→ **Raw data**
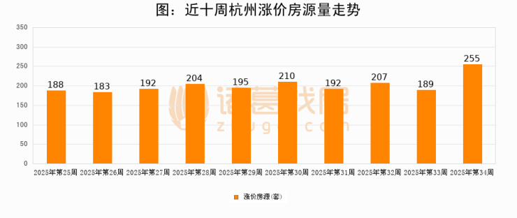 从调价房源来看,第34周杭州涨价房源255套,较上周上涨34.9%。与此同时,34周涨价房源占比提升1.47个百分点,业主信心持续恢复。
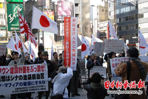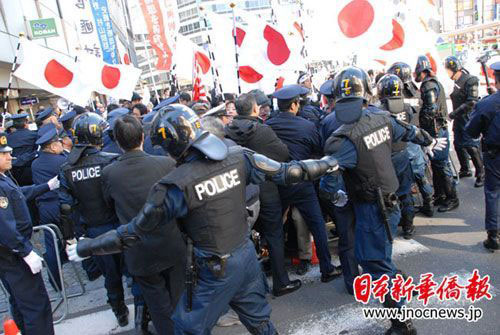 面對(duì)右翼分子的叫囂,“陽光城”的華人員工顯得非常沉著冷靜,依然熱情接待來到這里的每一位客人。在現(xiàn)場(chǎng),日本警方也積極維護(hù)華人不受傷害。右翼分子在講演中攻擊中國留學(xué)生,一位中國女留學(xué)生勇敢地站出來,大聲說:“我是中國人,是中國留學(xué)生,你們都是‘右翼垃圾’!”當(dāng)右翼分子要對(duì)這名女學(xué)生動(dòng)手時(shí),警員立即沖過來加以保護(hù)。
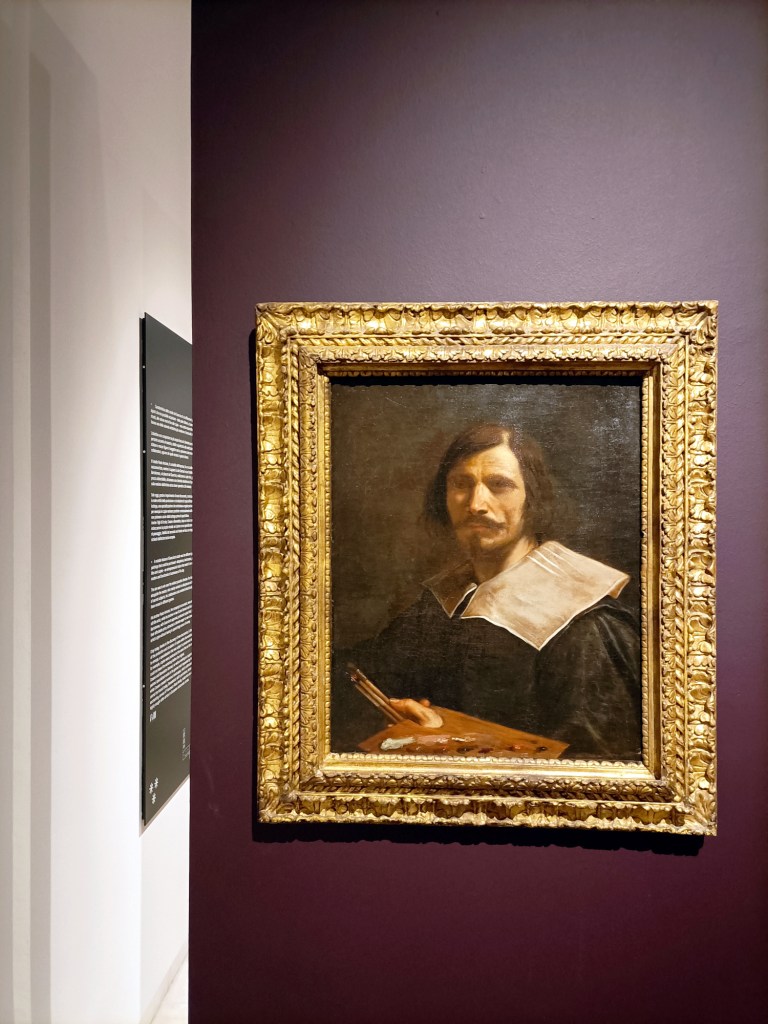 Guercino si rappresenta in modo naturale con l’evidente difetto di vista da cui derivò il suo soprannome, e allo stesso tempo l’eleganza dell’abito e la solennità della posa mostrano il successo ormai raggiunto.

→ **Problem details**
Retype the data exactly; images stay out.

→ **Written solution**
 从调价房源来看,第34周杭州涨价房源255套,较上周上涨34.9%。与此同时,34周涨价房源占比提升1.47个百分点,业主信心持续恢复。
 面對(duì)右翼分子的叫囂,“陽光城”的華人員工顯得非常沉著冷靜,依然熱情接待來到這里的每一位客人。在現(xiàn)場(chǎng),日本警方也積極維護(hù)華人不受傷害。右翼分子在講演中攻擊中國留學(xué)生,一位中國女留學(xué)生勇敢地站出來,大聲說:“我是中國人,是中國留學(xué)生,你們都是‘右翼垃圾’!”當(dāng)右翼分子要對(duì)這名女學(xué)生動(dòng)手時(shí),警員立即沖過來加以保護(hù)。
 Guercino si rappresenta in modo naturale con l’evidente difetto di vista da cui derivò il suo soprannome, e allo stesso tempo l’eleganza dell’abito e la solennità della posa mostrano il successo ormai raggiunto.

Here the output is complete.